> [WHAT THIS TASK INVOLVES]: Nothing but the lines from the one with "Антитеррористические учения в" down to the one with "تلك التي عثر" should be returned, exactly and with both ends included, from the material below.

> [SUPPLIED RECORDS]:
-----

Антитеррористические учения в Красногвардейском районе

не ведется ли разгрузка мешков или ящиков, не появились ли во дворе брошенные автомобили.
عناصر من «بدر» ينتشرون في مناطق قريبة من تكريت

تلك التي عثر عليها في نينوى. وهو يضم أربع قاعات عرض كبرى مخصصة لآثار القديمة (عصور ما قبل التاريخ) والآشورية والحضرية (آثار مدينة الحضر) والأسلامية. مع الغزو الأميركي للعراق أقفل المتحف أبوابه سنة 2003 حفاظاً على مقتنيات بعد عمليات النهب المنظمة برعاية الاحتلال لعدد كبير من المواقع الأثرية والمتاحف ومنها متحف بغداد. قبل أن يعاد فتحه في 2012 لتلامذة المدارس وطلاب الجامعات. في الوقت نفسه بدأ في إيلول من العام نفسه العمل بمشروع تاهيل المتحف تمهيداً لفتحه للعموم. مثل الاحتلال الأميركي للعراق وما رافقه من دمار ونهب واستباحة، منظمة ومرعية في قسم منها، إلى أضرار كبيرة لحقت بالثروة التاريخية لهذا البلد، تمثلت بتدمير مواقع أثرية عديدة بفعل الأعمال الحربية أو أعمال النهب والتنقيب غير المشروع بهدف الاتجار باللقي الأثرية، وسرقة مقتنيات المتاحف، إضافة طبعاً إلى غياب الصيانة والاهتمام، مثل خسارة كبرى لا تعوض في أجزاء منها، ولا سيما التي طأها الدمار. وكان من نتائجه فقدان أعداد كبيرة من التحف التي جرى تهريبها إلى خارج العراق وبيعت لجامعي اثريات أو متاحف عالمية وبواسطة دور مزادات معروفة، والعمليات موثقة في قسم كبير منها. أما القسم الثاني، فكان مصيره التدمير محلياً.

-----

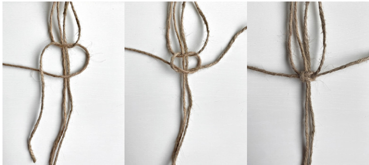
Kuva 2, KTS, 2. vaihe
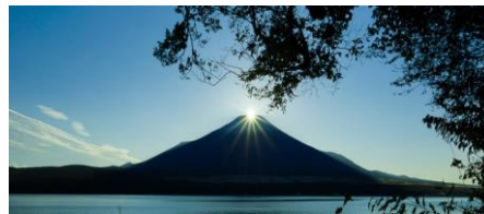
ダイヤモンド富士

-----

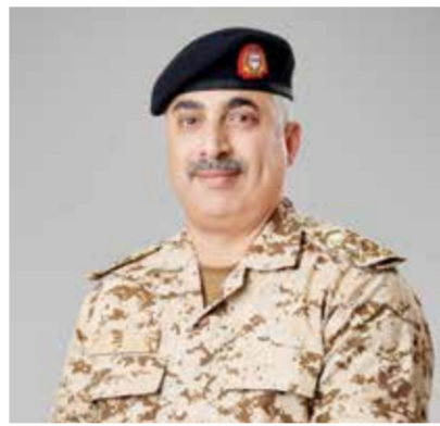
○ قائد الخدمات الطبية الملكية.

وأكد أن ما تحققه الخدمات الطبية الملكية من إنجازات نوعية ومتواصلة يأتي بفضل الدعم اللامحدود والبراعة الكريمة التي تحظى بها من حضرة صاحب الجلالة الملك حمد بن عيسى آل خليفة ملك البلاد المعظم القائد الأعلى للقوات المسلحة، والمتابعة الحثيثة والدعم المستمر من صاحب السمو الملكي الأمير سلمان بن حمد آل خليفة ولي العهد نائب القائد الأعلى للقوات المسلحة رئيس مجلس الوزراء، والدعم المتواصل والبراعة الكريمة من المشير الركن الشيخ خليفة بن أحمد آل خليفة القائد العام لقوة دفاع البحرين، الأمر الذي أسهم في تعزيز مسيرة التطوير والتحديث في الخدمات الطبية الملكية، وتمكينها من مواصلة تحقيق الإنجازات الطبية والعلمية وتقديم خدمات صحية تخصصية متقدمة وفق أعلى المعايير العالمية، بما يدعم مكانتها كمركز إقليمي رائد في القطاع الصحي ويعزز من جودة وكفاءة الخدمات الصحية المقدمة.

-----

> [OUTPUT OF THE TASK]:
Антитеррористические учения в Красногвардейском районе

не ведется ли разгрузка мешков или ящиков, не появились ли во дворе брошенные автомобили.
عناصر من «بدر» ينتشرون في مناطق قريبة من تكريت

تلك التي عثر عليها في نينوى. وهو يضم أربع قاعات عرض كبرى مخصصة لآثار القديمة (عصور ما قبل التاريخ) والآشورية والحضرية (آثار مدينة الحضر) والأسلامية. مع الغزو الأميركي للعراق أقفل المتحف أبوابه سنة 2003 حفاظاً على مقتنيات بعد عمليات النهب المنظمة برعاية الاحتلال لعدد كبير من المواقع الأثرية والمتاحف ومنها متحف بغداد. قبل أن يعاد فتحه في 2012 لتلامذة المدارس وطلاب الجامعات. في الوقت نفسه بدأ في إيلول من العام نفسه العمل بمشروع تاهيل المتحف تمهيداً لفتحه للعموم. مثل الاحتلال الأميركي للعراق وما رافقه من دمار ونهب واستباحة، منظمة ومرعية في قسم منها، إلى أضرار كبيرة لحقت بالثروة التاريخية لهذا البلد، تمثلت بتدمير مواقع أثرية عديدة بفعل الأعمال الحربية أو أعمال النهب والتنقيب غير المشروع بهدف الاتجار باللقي الأثرية، وسرقة مقتنيات المتاحف، إضافة طبعاً إلى غياب الصيانة والاهتمام، مثل خسارة كبرى لا تعوض في أجزاء منها، ولا سيما التي طأها الدمار. وكان من نتائجه فقدان أعداد كبيرة من التحف التي جرى تهريبها إلى خارج العراق وبيعت لجامعي اثريات أو متاحف عالمية وبواسطة دور مزادات معروفة، والعمليات موثقة في قسم كبير منها. أما القسم الثاني، فكان مصيره التدمير محلياً.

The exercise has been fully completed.